Jim Winkle, a former producer for KPLR, has an altogether different theory for the success of not only Schweig Engel, but Mizerany, "Becky, Queen of Carpet" and all businesses trafficking in goofball pitches: It was a subtle decoy.
"I always thought they wanted to give people the impression that they're dumb so that people would come in and try to take advantage 'em on the price," Winkle says. "They thought that would get people in the store. What's that phrase? They were crazy, crazy like foxes."
By the mid-'90s, Schweig Engel had ballooned from 11 employees in one store to 65 employees in three locations.
"The community took care of us," Lewis remembers. "Mike took the bars off the windows at our Natural Bridge location. That said a lot for north city. And we only had one break-in."

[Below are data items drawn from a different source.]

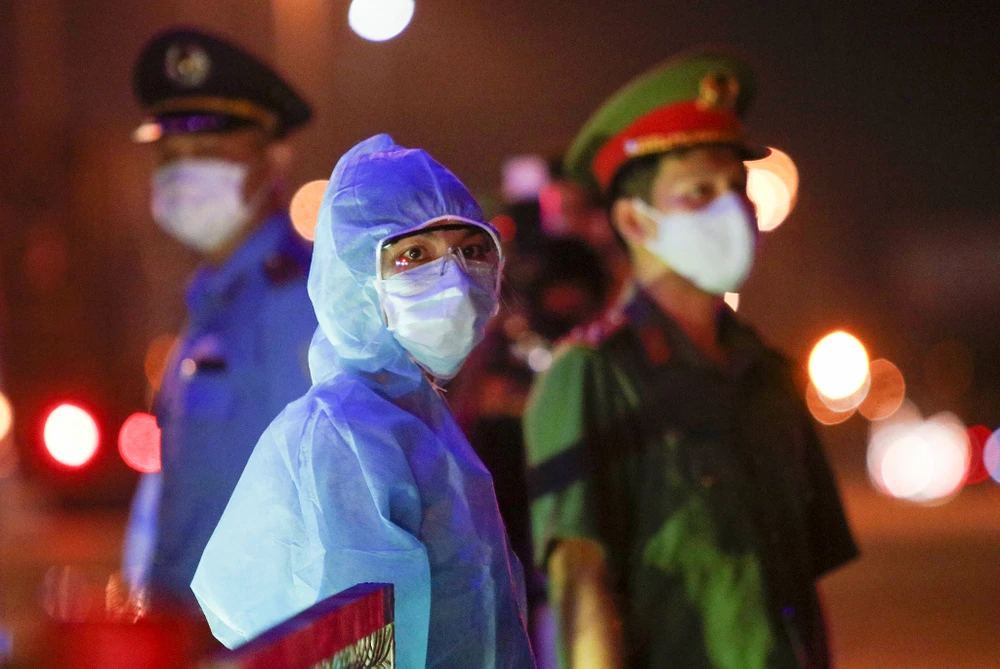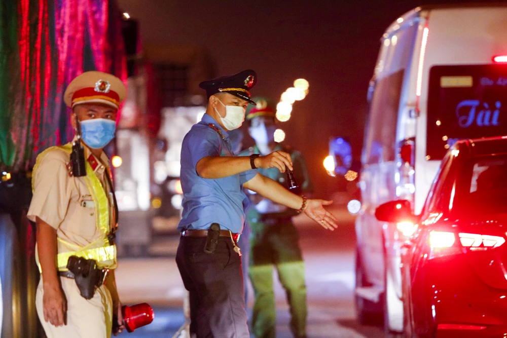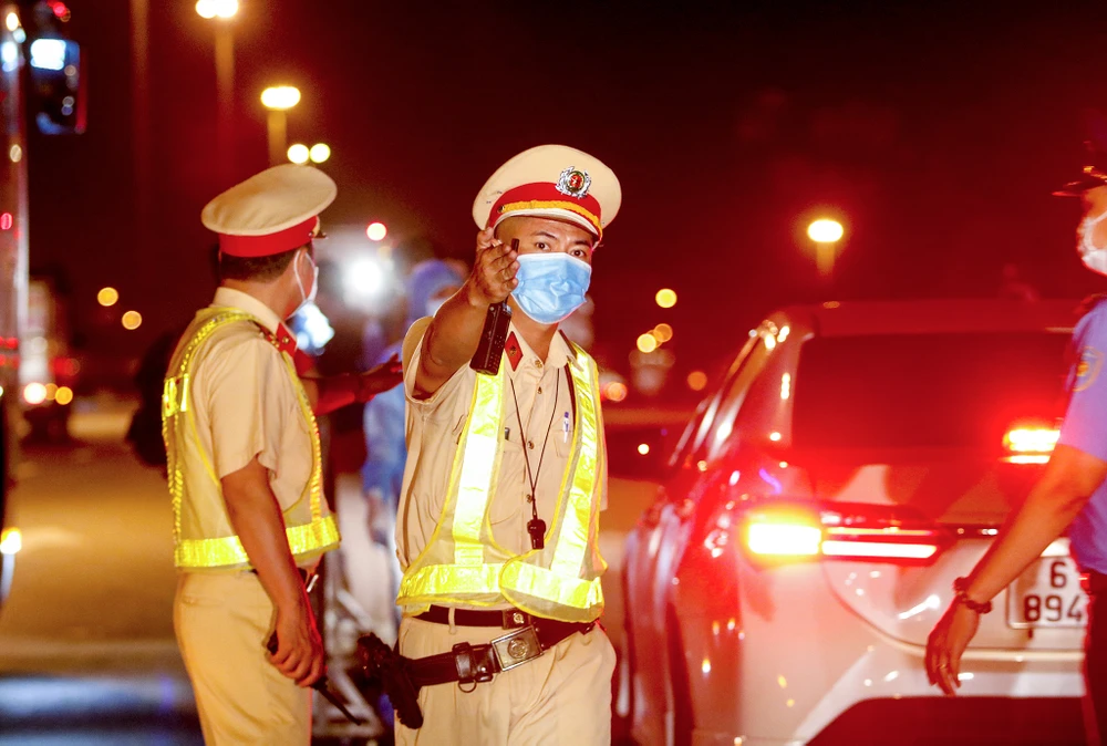 (PLO)- Các chiến sĩ CSGT trắng đêm thực hiện công tác hiệu lệnh dừng xe, hướng dẫn người dân vào khu vực kiểm tra, khai báo y tế,...
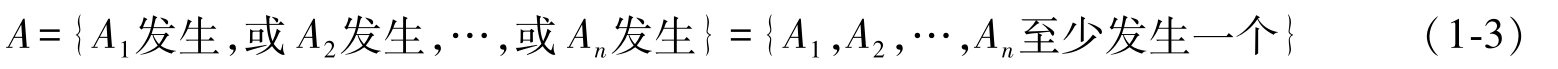 事件的和很自然地可以推广到多个事件的情形:设有若干个事件 A 1 , A 2 ,…, A n ,它们的和 A 定义为事件
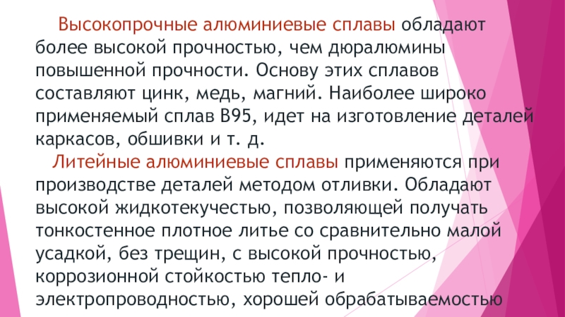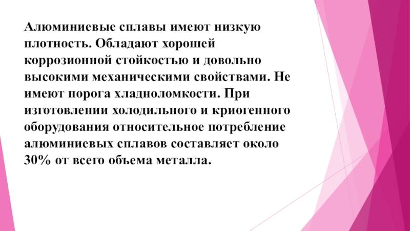 Слайд 7Алюминиевые сплавы имеют низкую плотность. Обладают хорошей коррозионной стойкостью и довольно

The love spilled outside of the retail space. "I couldn't go to the airport without someone recognizing me," John North recalls. "It got to the point that people thought we were celebrities."
The national affiliate stations considered Schweig Engel's rise newsy. During an interview with ABC Stein said, "If a person got up and went to the restroom," he said, "or went to get a peanut butter-and-jelly sandwich during my ad, I think I'd die."

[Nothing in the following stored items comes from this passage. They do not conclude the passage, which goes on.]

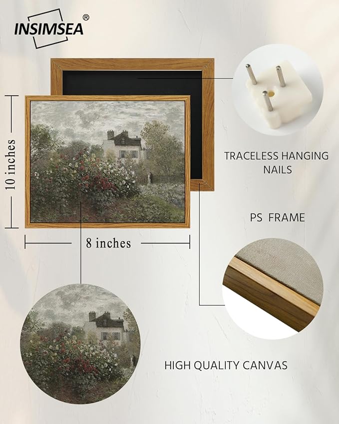 InSimSea Framed Canvas Wall Art Vintage Decor, Monet Flower Garden Painting Prints, Vintage Room Decor, Wall Decor Living Room Bedroom Kitchen Office Room Decor, 8"x10"
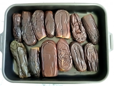 Остывшие и слегка сплюснутые баклажаны извлеките из-под пресса. Каждый баклажан разрежьте пополам вдоль плода, не доходя до конца (как на фото).
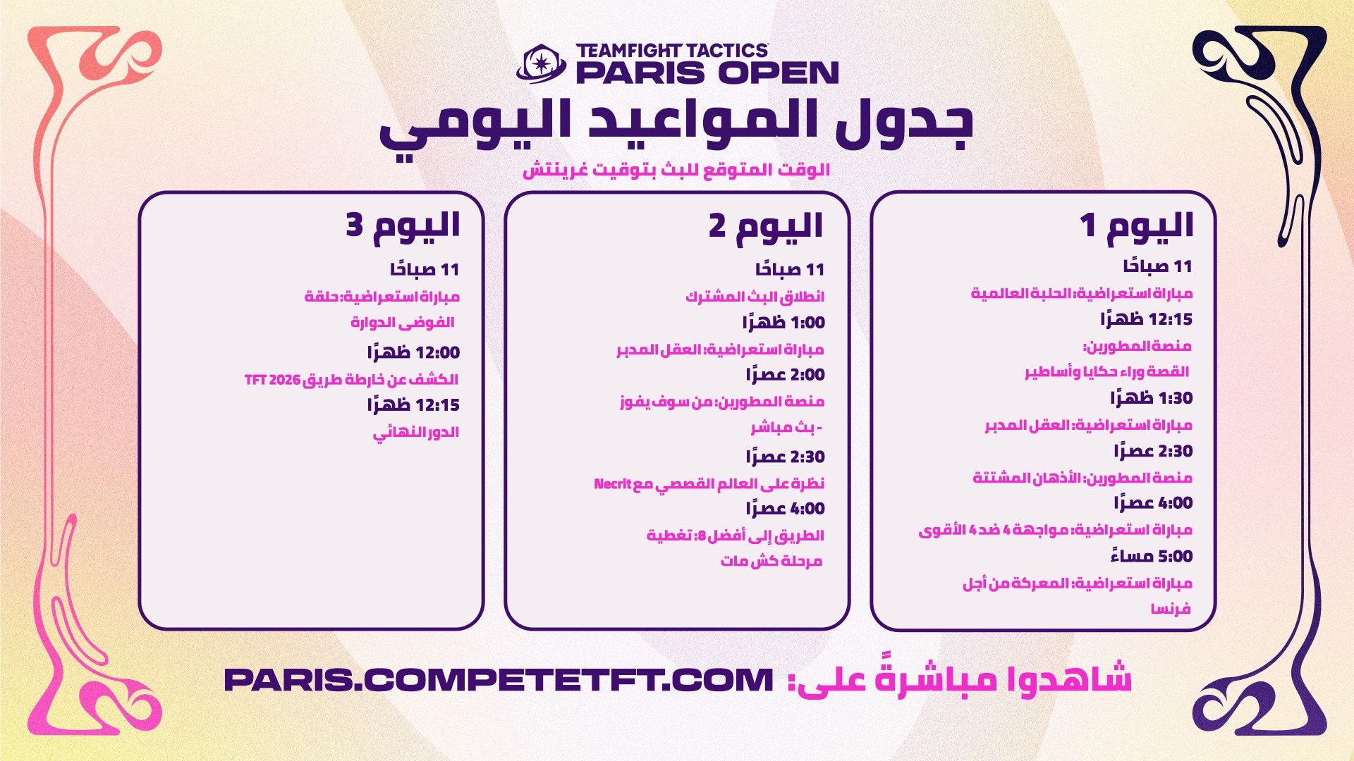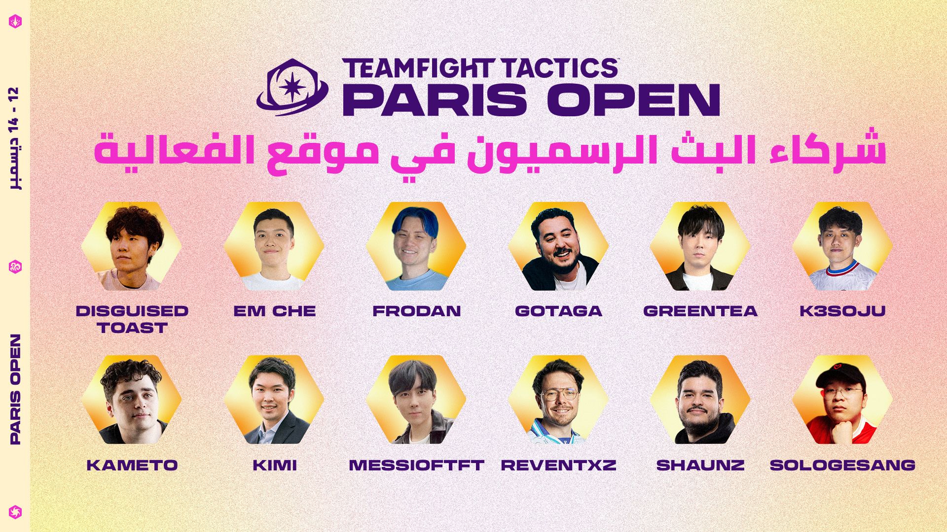 لا تفوتوا البث لمتابعة بطولة TFT Paris Open من 12 إلى 14 ديسمبر! ستتوفر المزيد من التفاصيل عن جدول مواعيد البث أدناه.

On KSDK (Channel 5), Art Holliday asked the boys whether they took it as a compliment that Riverfront Times referred to their spots in a 1991 article as "the most absurd on television" and "deranged."
"Oh yes," Stein replied. "We shoot for being the worst commercial in St. Louis."
In the 1990s, Schweig Engel began buying ad space on cable in the city, says Jeff McCann, formerly an advertising salesman at TCI.
"There wasn't a lot on cable yet," McCann says. "But Mike bought into it. He knew how to get his name out there."
McCann adds that it wasn't just the ads that created a buzz.
"When you walked into Schweig Engel you'd see all those guys," says McCann. There was Mike, there was John, there was Warren. They were that accessible. And I think that's why they did so well as long as they did."
The Schweig Engel party ended in 2004. Stein says the business was still profitable, but the partners were ready to move on. The original building is now, ironically, a National Rent-to-Own.
Stein became manager of Alro Heating & Cooling in St. Ann. John North moved to DeBary, Florida, where he now runs two separate businesses (one manages credit-card fees for other companies). Warren Lewis works for Value City Furniture but, while vice president at Schweig Engel, took great pride in having risen from maintenance man to the first company officer from outside the family. (He was also one of the very first black furniture buyers in the United States.)
Stein says he and North are planning on flying out to LA in early 2012 to make the Funny or Die commercials. He's kicking around an Iron Man spoof. Meanwhile, Nick Corirossi is salivating.